А почему именно СССР?

Рак и наука, его изучающая — онкология, будут отличаться в разных культурных средах. На этом месте какой-нибудь сторонник позитивизма должен сказать, что наука должна быть везде одинаковой, молекулы и нейроны не чувствительны к идеологии. Но специалисты, занимающиеся философией и эпистемологией науки, знают, что на самом деле это не так. То, с каких позиций вы смотрите на этот мир, очень сильно отражается на том, как вы проводите исследование и какие теоретические модели при этом строите. Советская онкология — это специфический продукт, она сильно отличалась от того, что было на Западе. И моей задачей было в какой-то степени показать эту разность.
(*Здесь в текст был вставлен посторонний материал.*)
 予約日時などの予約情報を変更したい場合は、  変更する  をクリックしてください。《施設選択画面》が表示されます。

Сегодня часто можно услышать мнение, что советскому человеку лечение рака было доступнее, чем российскому. Это так?

Мне такие сравнения всегда кажутся немного натянутыми, нельзя сравнивать лечение сегодня и то, что было 15 лет назад. Территориальная доступность, возможно, тогда была лучше. Однако доступность не равна эффективности.
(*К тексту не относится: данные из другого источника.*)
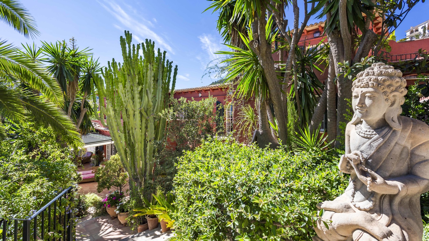 The beautiful Mediterranean garden is multi-level, with very old palm trees, cactus and citrus trees etc.

Когда сегодня пытаются рассказать, что в мире происходит с онкологией, то обычно начинают с аргумента «раньше от лейкемии умирали почти все, сейчас многие выздоравливают». Но прогресс достигнут только в определенных локализациях рака. В целом достижения не очень большие. Радикально проблема рака, когда вылечил болезнь и дальше можешь быть абсолютно свободен и жить, как раньше, не решена. Речь идет все же об увеличении срока ремиссии.
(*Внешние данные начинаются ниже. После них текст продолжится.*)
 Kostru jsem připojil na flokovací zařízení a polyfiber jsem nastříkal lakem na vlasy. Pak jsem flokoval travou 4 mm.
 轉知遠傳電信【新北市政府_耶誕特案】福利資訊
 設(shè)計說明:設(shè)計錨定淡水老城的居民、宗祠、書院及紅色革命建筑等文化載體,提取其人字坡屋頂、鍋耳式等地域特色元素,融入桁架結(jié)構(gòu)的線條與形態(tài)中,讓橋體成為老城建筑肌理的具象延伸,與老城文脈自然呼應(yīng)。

В своей работе вы утверждаете, что вплоть до 1940-х годов российская онкология была едва ли не самой передовой в мире. С какого времени пошел разрыв?

Онкология как научная дисциплина с устоявшимся набором правил (хотя бы те же протоколы клинических проверок) возникла в конце 1950-х годов. То есть именно тогда в СССР достигнут некий консенсус внутри дисциплины, что такое рак, как лечить и исследовать болезнь. Достигается конвенция, что вот это — онкология, а все другое — паранаука, не имеющая к онкологии никакого отношения.

Однако само слово «онкология» вошло в обиход гораздо раньше. Раком занимались не только клинические медики, а представители самых разных дисциплин: физики, химики, биохимики. В конце 1940-х годов случилась просто вспышка исследований рака. В СССР была такая триада главных задач: полететь в космос, запустить ядерную ракету, победить рак.

Это был период научных войн, когда самые разные исследователи конкурировали между собой. Хорошо видно, как Николай Блохин, один из сооснователей советской онкологии, агрессивно защищал новую науку от проникновения в нее других дисциплин, попыток ее захвата. В итоге он победил. И именно в конце 1950-х годов стали считать: все, что вокруг Блохина, — наука, а все остальное — что-то другое.

Уникальность советской онкологии в том, что там консенсус сложился гораздо раньше, чем в мировой онкологии. На Западе онкологическая наука как дисциплина сформировалась только лишь в конце 1970-х — начале 1980-х годов. Там она возникла вокруг теории молекулярного понимания рака, генетической парадигмы и с этого момента движется вверх в этом направлении.

То есть примерно двадцатилетний период с 1950 года можно рассматривать как рассвет советской онкологии. Западные коллеги смотрели тогда на то, что происходило в СССР, как на нечто фантастическое.

Почему?

В Советском Союзе было четкое представление о том, что такое рак, о причинах его появления, что с ним нужно делать. Все это понимание базировалось на установках, исходящих из диалектического материализма, который еще называется «нередукционистский материализм». Из этой марксистской программы мы знаем, что человек — это средовое существо, на его формирование влияют окружение и воспитание. Следовательно, рак — следствие дурной среды. Материальной: вредные производства, условия работы, что-то еще. Социальной: вредные привычки, например, человек много курит или пьет, не соблюдает бытовую гигиену и прочее.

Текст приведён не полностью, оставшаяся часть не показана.